My company tried such a "productivity evaluation system" thing. They combined it with a more typical "performance evaluation" as to an employee's value to the company. They found that the two rarely matched up. One oddly inquisitive upper-management type, heavy in statistical wizardry, investigated why top people, whom everyone knew were top notch coders, ranked very low.
Turns out the whole system was flawed. There is often a variable the powers-that-be fail to calculate: changing requirements. So, these "artists" are tied up in monolithic meetings to nail down what is needed now and if the new requirements can be coded. Then, existing code receives a make-over.
Thus, the rewites occur two or three times ... not the best use for top-rate tallent. This often leads to 'feeping creaturism' syndrome, and poor productivity in the classic sense.
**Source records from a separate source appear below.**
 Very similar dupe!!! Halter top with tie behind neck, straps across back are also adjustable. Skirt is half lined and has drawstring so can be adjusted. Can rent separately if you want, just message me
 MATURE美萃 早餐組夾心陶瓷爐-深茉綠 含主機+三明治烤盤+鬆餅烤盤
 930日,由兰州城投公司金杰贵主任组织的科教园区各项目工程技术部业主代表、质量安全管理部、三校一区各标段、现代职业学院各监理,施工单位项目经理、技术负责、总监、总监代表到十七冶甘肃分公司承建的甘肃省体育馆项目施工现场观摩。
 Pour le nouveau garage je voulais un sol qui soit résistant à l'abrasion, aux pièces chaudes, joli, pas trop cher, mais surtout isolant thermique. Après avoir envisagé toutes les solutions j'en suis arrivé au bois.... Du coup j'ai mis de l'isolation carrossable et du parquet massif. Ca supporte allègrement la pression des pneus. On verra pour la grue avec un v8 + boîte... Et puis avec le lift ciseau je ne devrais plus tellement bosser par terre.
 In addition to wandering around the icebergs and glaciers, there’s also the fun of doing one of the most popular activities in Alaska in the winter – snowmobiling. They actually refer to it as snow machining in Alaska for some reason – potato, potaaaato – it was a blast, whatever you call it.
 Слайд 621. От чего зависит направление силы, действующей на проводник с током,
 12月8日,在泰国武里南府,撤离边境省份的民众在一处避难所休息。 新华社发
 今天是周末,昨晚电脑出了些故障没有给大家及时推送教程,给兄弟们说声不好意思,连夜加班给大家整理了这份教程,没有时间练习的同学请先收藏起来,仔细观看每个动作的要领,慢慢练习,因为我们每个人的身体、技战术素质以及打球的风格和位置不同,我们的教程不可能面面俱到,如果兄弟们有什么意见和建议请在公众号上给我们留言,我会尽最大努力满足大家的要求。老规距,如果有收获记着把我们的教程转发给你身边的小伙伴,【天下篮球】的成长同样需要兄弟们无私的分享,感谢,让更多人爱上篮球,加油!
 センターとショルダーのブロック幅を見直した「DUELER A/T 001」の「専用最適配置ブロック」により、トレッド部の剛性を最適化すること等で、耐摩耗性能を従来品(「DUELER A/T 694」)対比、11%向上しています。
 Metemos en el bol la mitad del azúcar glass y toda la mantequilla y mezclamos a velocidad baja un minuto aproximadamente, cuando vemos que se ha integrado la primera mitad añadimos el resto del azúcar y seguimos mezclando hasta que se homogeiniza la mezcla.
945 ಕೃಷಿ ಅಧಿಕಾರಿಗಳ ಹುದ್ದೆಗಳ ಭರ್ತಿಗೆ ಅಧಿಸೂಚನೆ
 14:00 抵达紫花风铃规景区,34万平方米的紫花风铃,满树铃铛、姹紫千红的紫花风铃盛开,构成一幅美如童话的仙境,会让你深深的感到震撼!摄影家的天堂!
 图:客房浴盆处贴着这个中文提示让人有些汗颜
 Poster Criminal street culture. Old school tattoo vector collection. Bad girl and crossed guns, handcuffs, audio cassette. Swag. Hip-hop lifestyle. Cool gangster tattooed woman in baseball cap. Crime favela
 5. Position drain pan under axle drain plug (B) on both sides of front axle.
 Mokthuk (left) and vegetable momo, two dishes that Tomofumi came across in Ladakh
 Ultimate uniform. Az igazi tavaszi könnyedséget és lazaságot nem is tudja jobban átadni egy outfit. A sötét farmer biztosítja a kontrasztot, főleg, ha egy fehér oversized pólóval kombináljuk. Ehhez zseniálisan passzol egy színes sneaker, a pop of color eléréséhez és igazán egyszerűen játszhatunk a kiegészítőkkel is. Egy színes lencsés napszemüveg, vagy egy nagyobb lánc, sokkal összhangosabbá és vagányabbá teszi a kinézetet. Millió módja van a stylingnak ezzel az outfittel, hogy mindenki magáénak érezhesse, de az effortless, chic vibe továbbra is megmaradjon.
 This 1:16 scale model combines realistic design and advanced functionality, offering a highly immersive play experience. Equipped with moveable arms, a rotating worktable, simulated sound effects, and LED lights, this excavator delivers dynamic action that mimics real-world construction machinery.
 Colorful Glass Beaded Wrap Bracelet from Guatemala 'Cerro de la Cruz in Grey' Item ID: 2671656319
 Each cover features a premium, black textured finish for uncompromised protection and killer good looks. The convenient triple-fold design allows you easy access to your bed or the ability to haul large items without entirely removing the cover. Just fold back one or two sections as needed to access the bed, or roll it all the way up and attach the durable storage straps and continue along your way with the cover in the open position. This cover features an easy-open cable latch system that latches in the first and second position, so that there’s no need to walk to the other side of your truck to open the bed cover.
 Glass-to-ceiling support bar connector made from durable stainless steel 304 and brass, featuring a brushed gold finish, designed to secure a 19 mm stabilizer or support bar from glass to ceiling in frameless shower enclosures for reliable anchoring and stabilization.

For example, and simple shipping-and-receiving project sending batch jobs to a legacy, big iron-based inventory tracking system became a wholesale replacement of the big iron. Hard to estimate and judge the project size and associated productivity if no updates to the the project's scope occur.
The moral of the story is this: The front line managers should, if they are worth their salt, know what the programmers are up to (w/o micromanaging) in relation to the world as it exists today. The manager should be trained, objective, but relaistic in this most basic of management skills. The manager must be aware of the overall and their group's role. Read Sun-tzu and Covey.